Conceitos Básicos
Integrating a self-driven reasoning augmentation process using Monte Carlo Tree Search (SRA-MCTS) significantly improves the code generation capabilities of large language models, particularly in solving complex problems, by enabling the models to autonomously generate and evaluate diverse reasoning paths.
Estatísticas
The performance of SRA-MCTS was evaluated on Human-Eval, Human-Eval+, MBPP, and MBPP+ benchmarks.
The study used gemma-2-2b-it, Meta-Llama-3.1-8B-Instruct, and Qwen2.5-14B-Instruct as baseline models.
The LeetCode dataset, focusing on medium and hard problems, was used for training.
After decontamination, the training dataset contained approximately 2,000 data samples.

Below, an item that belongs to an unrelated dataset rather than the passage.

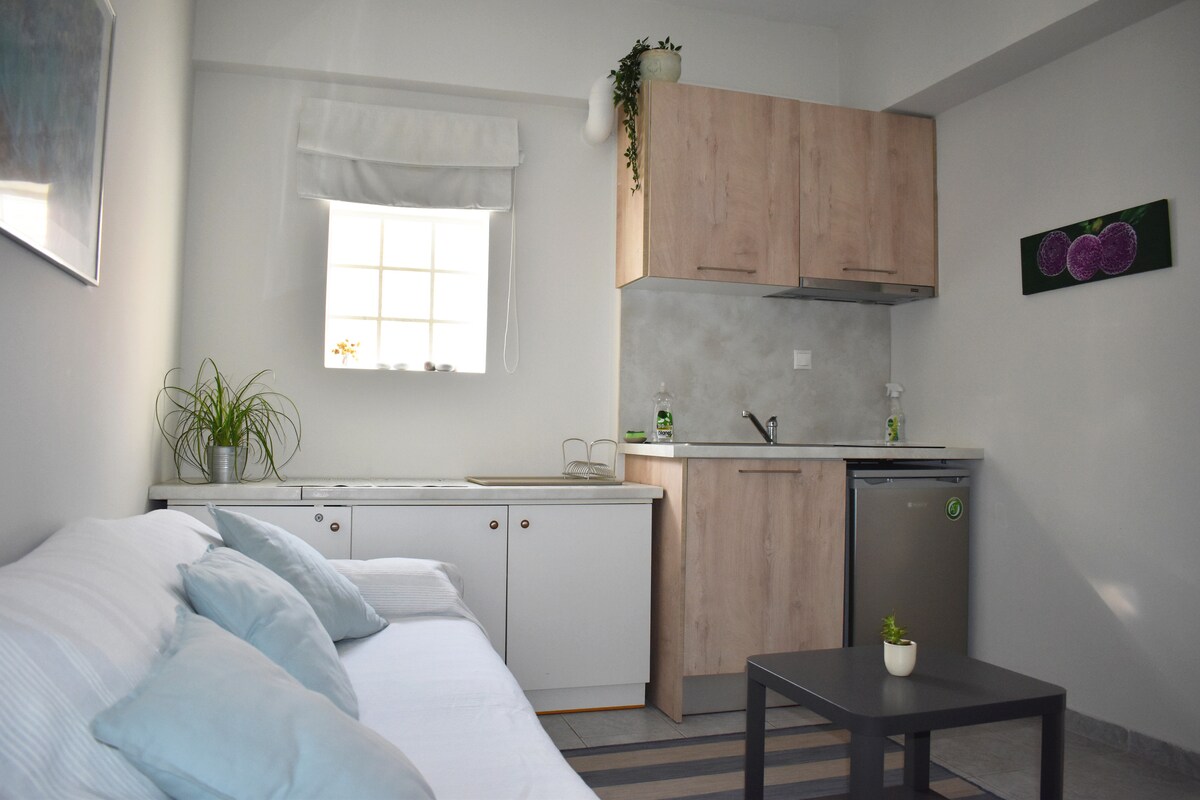 Newly, completely renovated 1st floor studio in the heart of Kalamata, in the immediate vicinity of the Central Square and International Dance Center. It has 1 king size bed and a fully equipped kitchen. Modern, well-furnished and fully functional. It is suitable for couples, families with infants, professionals or anyone else who desires relaxation and tranquility.

SRA-MCTS demonstrated an average increase of 2 points on Human-Eval and Human-Eval+ benchmarks compared to data synthesized by a 70B model in the 2B model category.
In the 8B model category, SRA-MCTS showed similar gains of over 2 points.
On the MBPP+ benchmark, the 2B model trained with SRA-MCTS showed a nearly 7-point increase compared to the model trained without natural language data.
For the 8B model, the performance gap on MBPP benchmarks averaged around 7 points when trained with and without natural language data.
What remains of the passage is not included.